- Problem to solve -
Return the lines of the data below starting at the one holding "784. Elymus arenarius L." and ending at the one holding "คฤหาสน์เหวินเจิง - สวนซากุระชิงเต่า", word for word, leaving every picture out.

- Given records -

━━━━━━━━━━━━━━━━━━━━

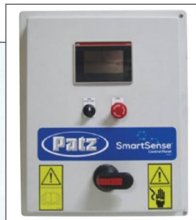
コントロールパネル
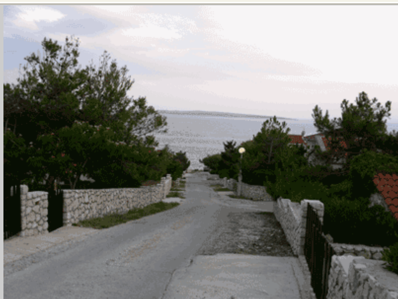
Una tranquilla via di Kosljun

━━━━━━━━━━━━━━━━━━━━

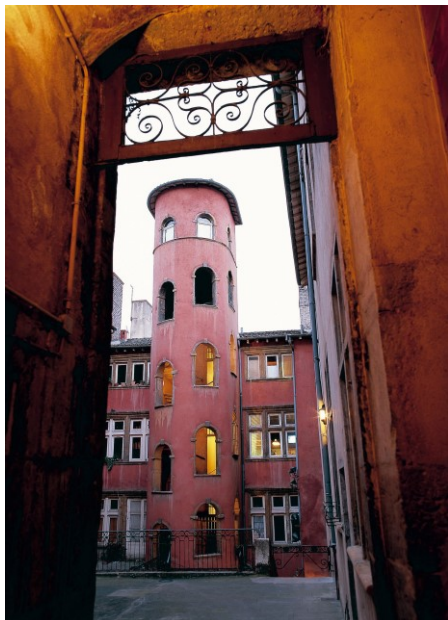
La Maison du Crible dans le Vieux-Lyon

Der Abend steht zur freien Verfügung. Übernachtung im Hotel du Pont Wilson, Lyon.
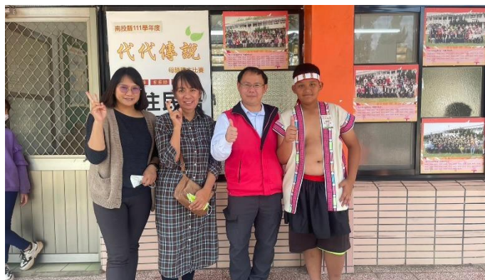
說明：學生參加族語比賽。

━━━━━━━━━━━━━━━━━━━━

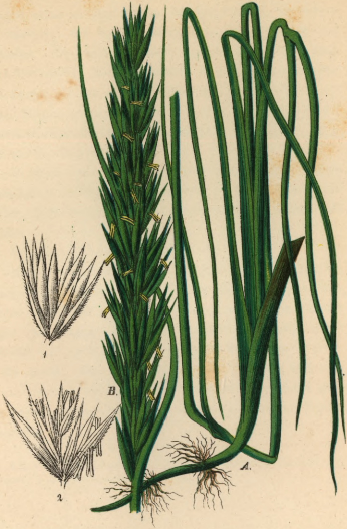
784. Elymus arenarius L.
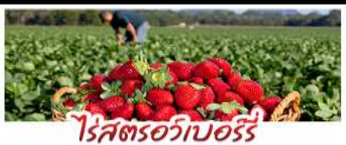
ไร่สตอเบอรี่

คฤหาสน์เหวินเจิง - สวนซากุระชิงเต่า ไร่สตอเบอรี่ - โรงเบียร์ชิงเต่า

━━━━━━━━━━━━━━━━━━━━

- Expected answer -
784. Elymus arenarius L.
ไร่สตอเบอรี่

คฤหาสน์เหวินเจิง - สวนซากุระชิงเต่า ไร่สตอเบอรี่ - โรงเบียร์ชิงเต่า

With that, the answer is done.